HELAL VE
HARAM KOYMA YETKİSİ SADECE ALLAH’INDIR.
Allah’ın Kur’an’da bildirmesine rağmen, bu
helaldir, bu haramdır demek Allah’a yalanla iftira atmaktır.
Takva mı yoksa fetva mı?
Takva Allah’ın Kuran’da bildirdikleridir.
Fetva ise insanların zanlarıdır.
Allah helal kıldığı rızıkların bir kısmını
haram bir kısmını da helal kılmak için kimseye izin ve yetki vermemiştir. Bunu
yapanlar Allah’a yalanla iftira atmaktadırlar;
Meselâ aşağıda hak mezhep kabul edilen
sünni dört mezhep imamının bile aynı konu ile ilgili koyduğu taban, tabana zıt
haram ve helallerden Allah’ın koymadığı birkaç ilginç örnek görüyorsunuz. Sünni
hak kabul edilen dört mezhep arasında bile birisinin helal kabul ettiğini
diğerinin haram kabul ettiği bir ortamda Müslümanların birlik ve beraberlik
içinde olmaları mümkün müdür? Kur’an’da Allah’ın koymadığı helal ve haramları
koymaya kimin hakkı vardır. Kur’an’da Allah haram ve helalleri koymuştur.
Allah’ın koymadığı helal ve haramları koymak Allah’ın yerine hüküm koymaktır ve
ilahlık iddia etmektir. Haşa Allah bu helal ve haramları koymayı unutmuş mudur?

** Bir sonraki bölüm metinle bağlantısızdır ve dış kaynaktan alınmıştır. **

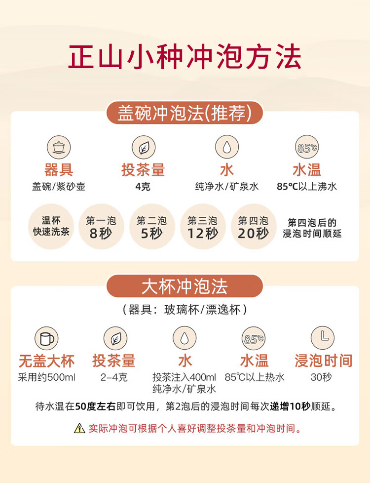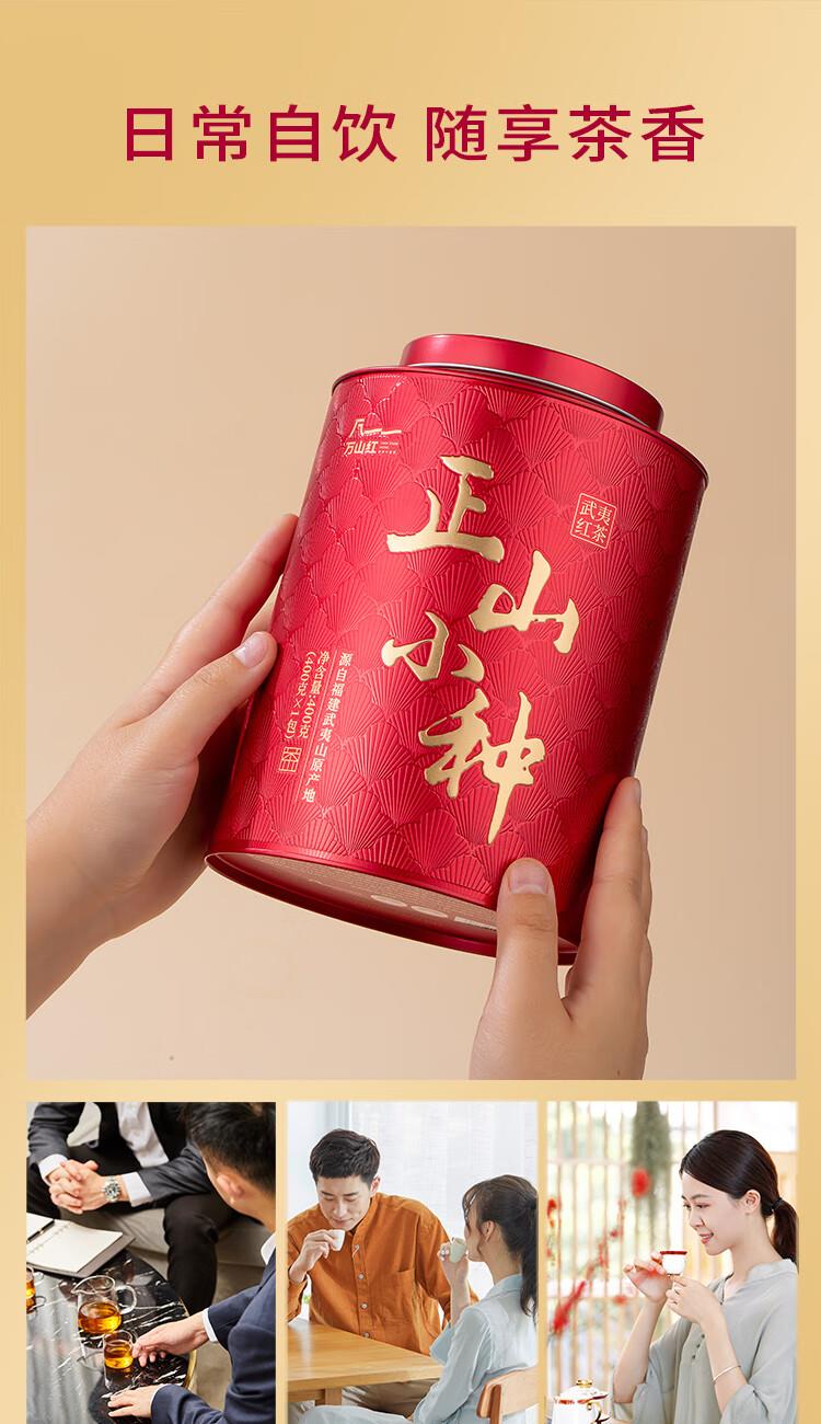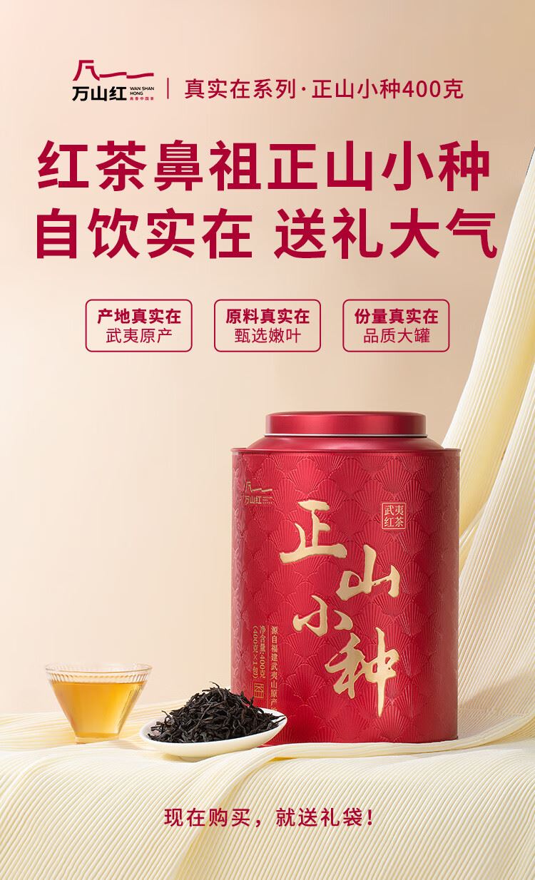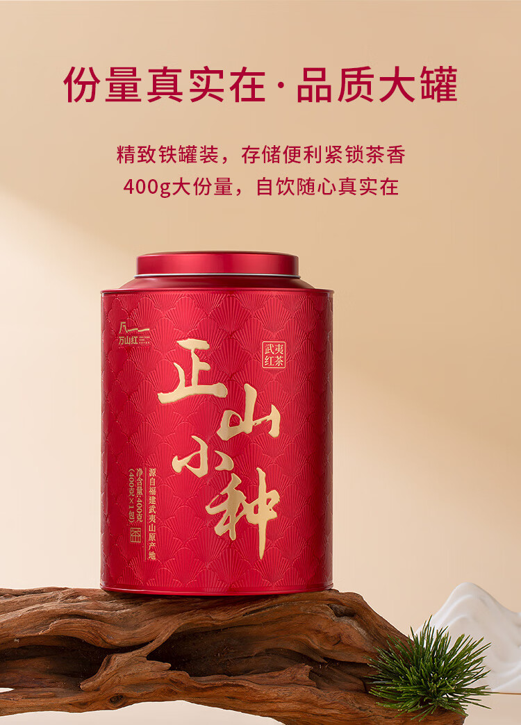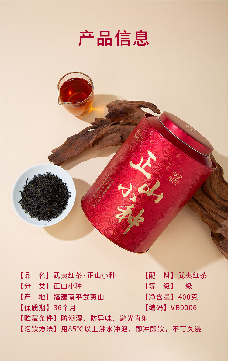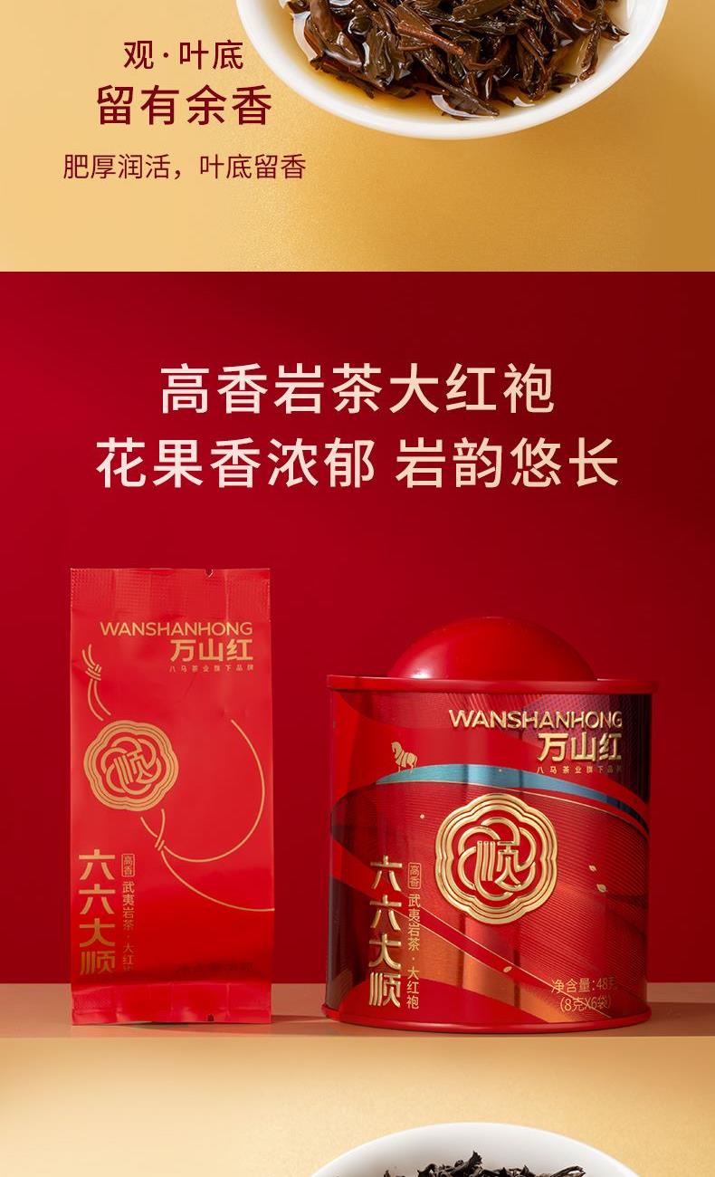 礼盒内配: 大红袍48克X2罐;金骏眉52克X2罐;正山小种52克X2罐 净含量:304g 单罐内配:正山小种400克 净含量:400g 推荐理由: 自饮一罐,送礼一盒; - 产品组合:涵盖武夷原产三大名茶,以“六六大顺”为主题打造礼盒,内含多罐不同品类茶叶,一次可品鉴多种武夷茗茶风味,满足多样饮茶需求。 - 包装与寓意:国潮风礼盒设计,色彩喜庆且富有文化感,“顺”字元素与“六六大顺”的命名,兼具送礼的祝福寓意与收藏价值,是节日、商务馈赠的优质选择。 - 产地与工艺:源自福建武夷山原产地,采用传统焙火工艺制作,保证地道岩茶的风味特质,是正宗武夷大红袍的典型代表。 - 品质与口感:滋味醇浓,茶香浓郁且耐泡,冲泡后香气持久、茶汤醇厚,能带给饮茶者丰富的味觉与嗅觉体验。 - 规格与场景:实在大罐包装,容量充足,无论是自饮囤茶还是送礼都很适宜,满足日常品饮或分享的需求。

Bu nasıl bir din anlayışıdır. İşte Kur’an’dan uzaklaşmanın, insanların zanları
ve uydurma hadislerle yazdığı kitaplardan din öğrenmenin Müslümanları getirdiği
yazdığı acınacak durum.
Kur’an’ı Kerimde deniz hayvanları ile
ilgili hiçbir kısıtlama ve haram olmadığı halde mezhep imamları zanlarına göre
haram ve helal ihdas etmişlerdir. Kara avı ise sadece ihramlı iken avlanmak
yasaklanmıştır. Yine normal şartlarda bu konuda da hiçbir yasaklanma yoktur.
5/MÂİDE-96:
Uhille lekum saydul bahri ve taâmuhu metâan lekum ve lis seyyârah(seyyârati),
ve hurrime aleykum saydul berri mâ dumtum hurumâ(hurumen) vettekullâhellezî
ileyhi tuhşerûn(tuhşerûne).
Sizin için ve yolcular için, deniz avı ve onun yenmesi bir meta olarak
(fayda sağlamak üzere) helâl kılındı. Ve kara avı ise, ihramda olduğunuz süre
içerisinde size haram kılındı (yasaklandı). Ve huzurunda haşrolunacağınız
Allah'a karşı takva sahibi olun.
Allahütealâ buyuruyor ki: “Sizler ve
yolcular için deniz hayvanının avlanması helâl kılındı. Ama eğer ihramda bulunduğunuz
süre içerisinde kara avı yapmaya kalkarsanız Allahütealâ'nın buna müsaadesi
yok. Onun için bu alanda sakın ihramdayken avlanmayın.”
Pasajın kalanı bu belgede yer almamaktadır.